'Throw the key away': Experts weigh in on how to spend B.C.'s anti-gang dollars
Funding is on the way for B.C. municipalities; advocates want 'broken' justice system fixed
Millions of dollars are on the way to help B.C. grapple with organized crime, and cities at the forefront of gang violence say the money can't come soon enough.
The City of Surrey is in the midst of developing an anti-gang violence strategy that will be unveiled this spring — and the federal funding should come just in time to put plans into action. More than $300 million will be divided between the provinces and territories.
"That report will be coming out just as decisions are made about how this federal funding will be utilized," said Terry Waterhouse, the city's director of public safety. "We'll be working to match up our resource needs with that funding."
Waterhouse was one of many stakeholders at a summit in Ottawa where experts agreed that a recent surge in gang violence is deeply troubling.
A regional problem
He says municipalities in Metro Vancouver need to work in unison to tackle the problem.
"The violence can happen in any different community — but it's all of the same players. They might live in one part of the region, but they travel to another part to do their business," he said.
"At any given time, any part of the region can be impacted by people that are moving swiftly to move their drugs — and with that, their violence."
The province will ultimately decide where the federal funding ends up, but Public Safety Minister Mike Farnworth promised areas in need will get their fair share.
He says the province is also clamping down on illegal firearms and mid-level drug dealers, while beefing up popular anti-gang programs.
A 'comprehensive approach'
But not everyone agrees that throwing money at young offender programs and law enforcement is effective.
Kash Heed, B.C.'s former solicitor general and former head of the VPD's gang task force, points to years of similar efforts that have yet to yield concrete results.
"These are just one-off strategies that are not going to deal with the violence," he said.
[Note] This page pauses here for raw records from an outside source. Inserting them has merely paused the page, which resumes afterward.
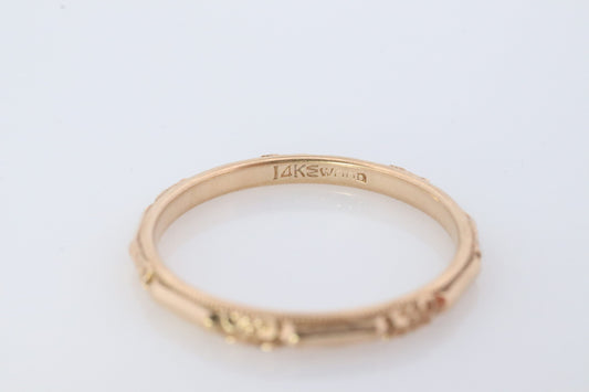 14-karätiges JR-Holz-Art-Deco-Blüten-Blume-der-Liebe-Gravur-Design-Band. Floral Blossom Jr Wood and Sons Ring. 14-karätiges Gelbgold antik.
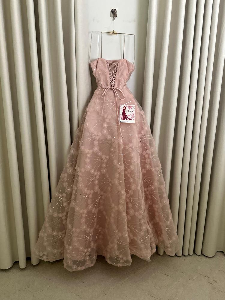 قصّة الفستان علوية على شكل كورسيه بدون أكمام، تعانق القوام وتبرز جماله بأنوثة مميزة. بينما تأتي القصة الواسعة المنسدلة بتصميم أي-لاين (A-line) طويل حتى الأرض، لتمنح حضوراً ملكياً متألقاً مع لمسة انسيابية تجعل كل خطوة أكثر سحراً. هذا الفستان هو الخيار الأمثل لحفلات الزفاف، السهرات الفاخرة، والاحتفالات الخاصة التي تتطلب إطلالة راقية لا تُنسى.
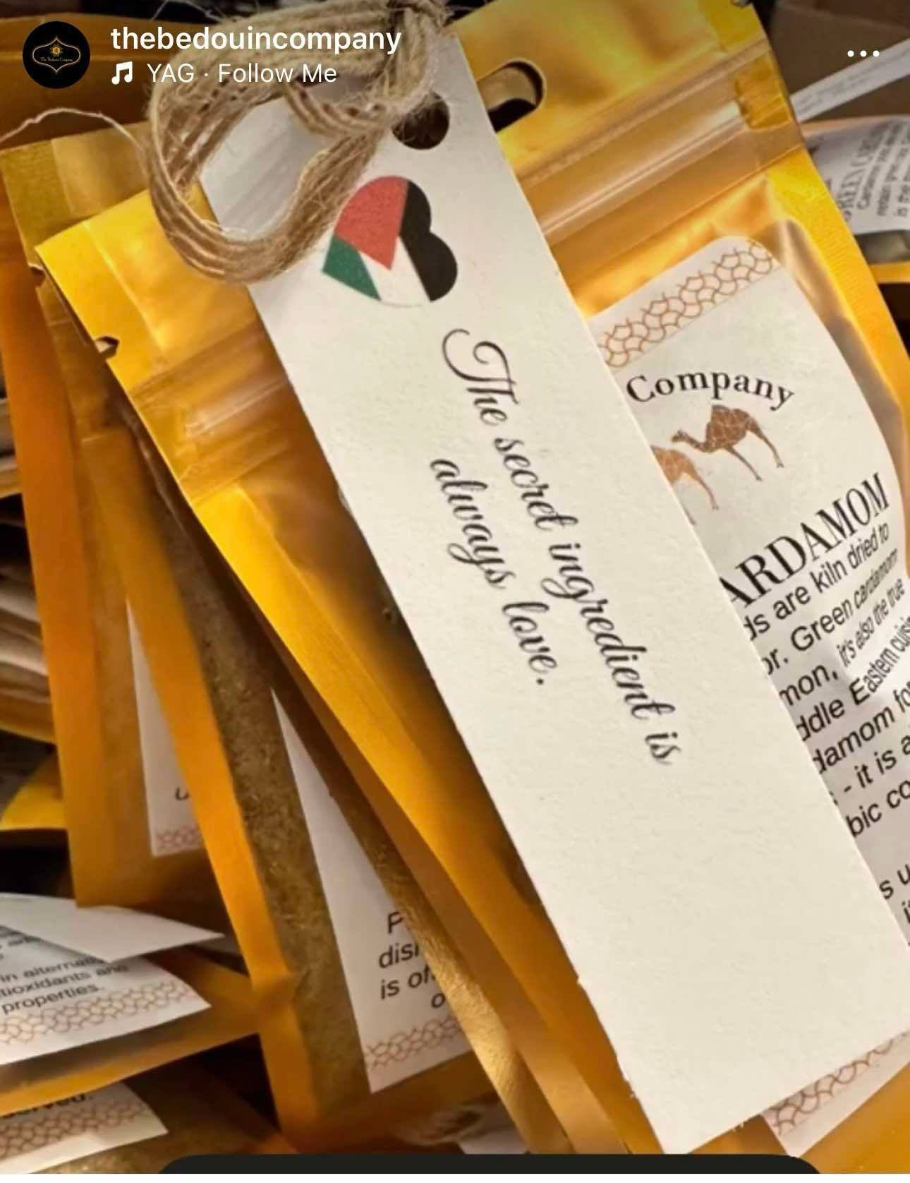 - The tag with "the secret ingredient is always love" will contain the Palestinian flag;
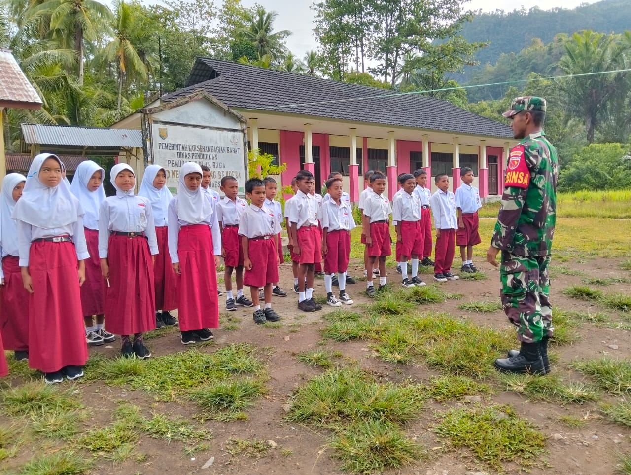 SBB PW Senin, 01 Desember 2025 — Babinsa Koramil 1513-01/Piru, Desa Persiapan Tiang Bendera, Kecamatan Huamual Belakang, Serda La Ode Salmin, melaksanakan kegiatan Wawasan Kebangsaan (Wanwil) melalui pemberian materi baris berbaris kepada siswa-siswi SD Negeri 2 Tiang Bendera.
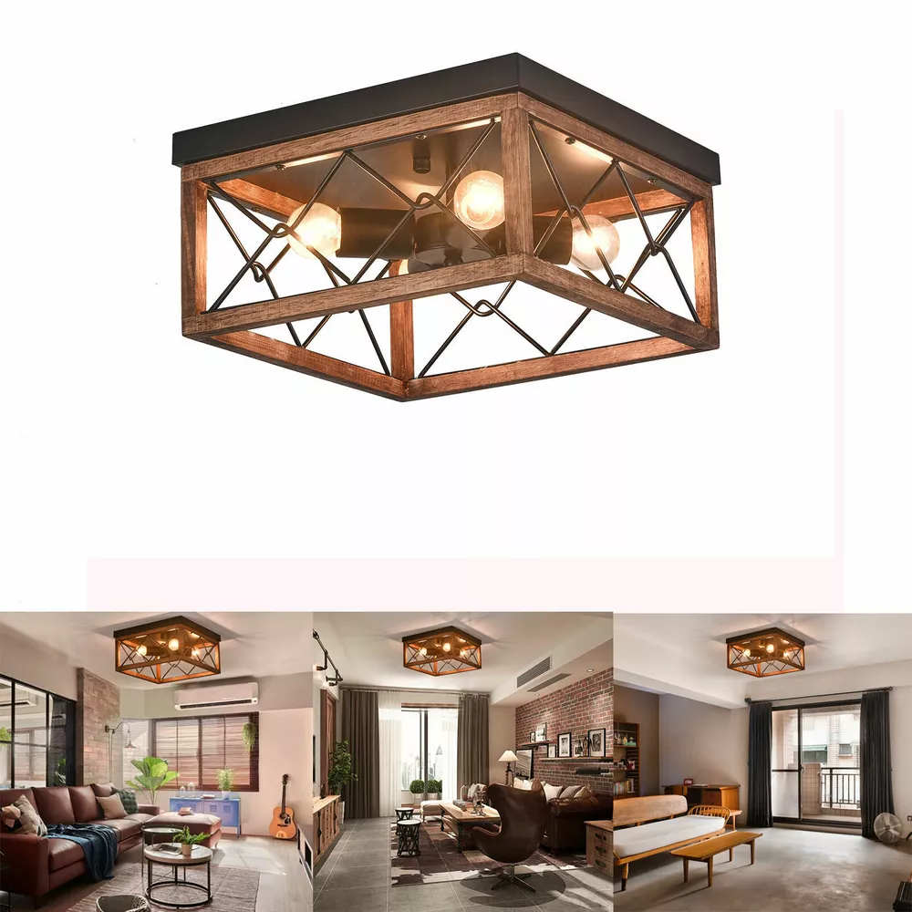 Bulb Type: LED/CFL/Incandesce/Edison Bulb/Halogen Wattage Per Bulb: Max 40W Bulb Base: E26bulb socket Number of Light Source: 1 PACKAGE INCLUDED 1 x Unassembed Pendant Light Bulbs Not Included Tips: -Please make sure the light is securely supported and is disconnected from power when installing. 【Safe & No Risk Purchase】 Any unclear during installation, please feel free to contact us. 4-Light Farmhouse Flush Mount Light Fixture Rustic Industrial Ceiling Light NEW 4-Light Farmhouse Flush Mount Light Fixture Rustic Industrial Ceiling Light About this item 【 Iron & Wood Combination 】 This 4 lights ceiling lighting fixture features a big black iron canopy and wooden frame. 【 Suit for Any of Your Room 】 This farmhouse light fixture fresh and simplistic design will be a nice decoration for your house. Perfect for general indoor areas which including dining room, living room, kitchen, corridor, cafe, basement, bar, club, restaurant, office, library, bedroom and reading room. You can choose where it is installed according to your actual needs. Voltage: 110-120V (standard line voltage) 【4 x Bulb Sockets 】 The wooden light fixtures feature 4 heat-resistant standard E26 bulb sockets (Max 40W, BULB NOT INCLUDED). Compatible bulbs: CFL, Halogen, Incandescent or LED. Please pay attention to use the bulb size that fits the fixture 【 Dimension & Installation 】Overall size (W*H): 12.6*6.2 inches. Hardwired needed. It includes all necessary accessories and instructions for quick and easy installation. Bulb Type: LED/CFL/Incandesce/Edison Bulb/Halogen Wattage Per Bulb: Max 40W Bulb Base: E26bulb socket Number of Light Source: 1 PACKAGE INCLUDED 1 x Unassembed Pendant Light Bulbs Not Included Tips: -Please make sure the light is securely supported and is disconnected from power when installing. 【Safe & No Risk Purchase】 Any unclear during installation, please feel free to contact us. Payment Delivery details Terms of sales About us Contact us Payment We accept ebay payment 。 Fees such as import duties, taxes are not included in the item price or shipping costs. These charges are the buyer's responsibility. Delivery details Shipping: 2-9 working days to: USA Terms of sales We maintain high standards of excellence and strive for hundred percent customer satisfaction. Feedback is very important to us. We hope that you contact us immediately before you give neutral or negative feedback, so that we can address your concerns. It is impossible to address issues if we do not know about them! About us Your satis faction is our ultimate goal. We work hard to earn your trust and future business. Our certified technicians have tested each item before shipping. The unit comes with 1 year limited warranty on all manufacturing defects. a) If you receive a defective item, you may return it or ask for a discount. Please contact us within 14 days after you receive the package. b) What you returned must be intact and in its original packaging as re? u. Customer is responsible for shipping costs of the returned item. c) We will cover the cost of shipping back t with the shipping rate indicated in the registration page. We will send you a new unit or refund the full payment you paid. Thank you. Contact us Business Hour Business Hour: Monday To Friday: 8:30 AM to 5:00 PM (Beijing China time) Due to time zones, our reply to your questions may not be immediately. But within above working time, we will reply your email within 24 hours. If it's non-workdays, please kindly be patient and wait till Monday. Please contact us with ebay message. Please feel free to contact us if you have any questions. Monday To Friday: 8:30 AM to 5:00 PM (Beijing China time) Due to time zones, our reply to your questions may not be immediately. But within above working time, we will reply your email within 24 hours. If it's non-workdays, please kindly be patient and wait till Monday. Please contact us with ebay message. Please feel free to contact us if you have any questions. On Nov 12, 2024 at 18:22:04 PST, seller added the following information:

Heed says there needs to be a more comprehensive approach — one that revitalizes B.C.'s criminal justice system and intervenes with youth long before they make negative, life-changing decisions.
"There are going to be gang members that are out there right now that are so entrenched in this lifestyle, they're a lost generation," he said. "The only way we're going to deal with them is to put them in jail and throw the key away."
Young offenders
Simon Fraser University assistant professor Evan McCuish is directing one of the the country's largest ongoing studies examining how young offenders end up in the justice system.
"It's quite problematic," said McCuish, adding that minor assaults and thefts among children tend to be stepping stones. "We need some type of service program for these particularly young kids who can't be dealt with through the formal justice system."
McCuish says intervention programs that target kids as young as eight years old who exhibit anti-social or aggressive behaviour have proven effective in helping them control negative emotions that could lead to crime, but few of those programs are offered in the Lower Mainland.
A mother's concern
Eileen Mohan, mother of Surrey Six murder victim Christopher Mohan, says B.C.'s "broken" justice system should be the province's top funding priority.
"A house needs to have a strong foundation to deter these types of crimes," she said. "If we don't have a deterrent, these crimes will occur over and over again."
Earlier this week, B.C.'s justice system received a failing grade on a report card issued by the Macdonald-Laurier Institute, an Ottawa-based think tank.
The group found that half of B.C.'s violent crimes go unsolved.
"These same people are revolved and revolved into the system," said Mohan. "These gangsters walked to the doorstep of my home, took my innocent son's life, and walked away thinking they won't be caught."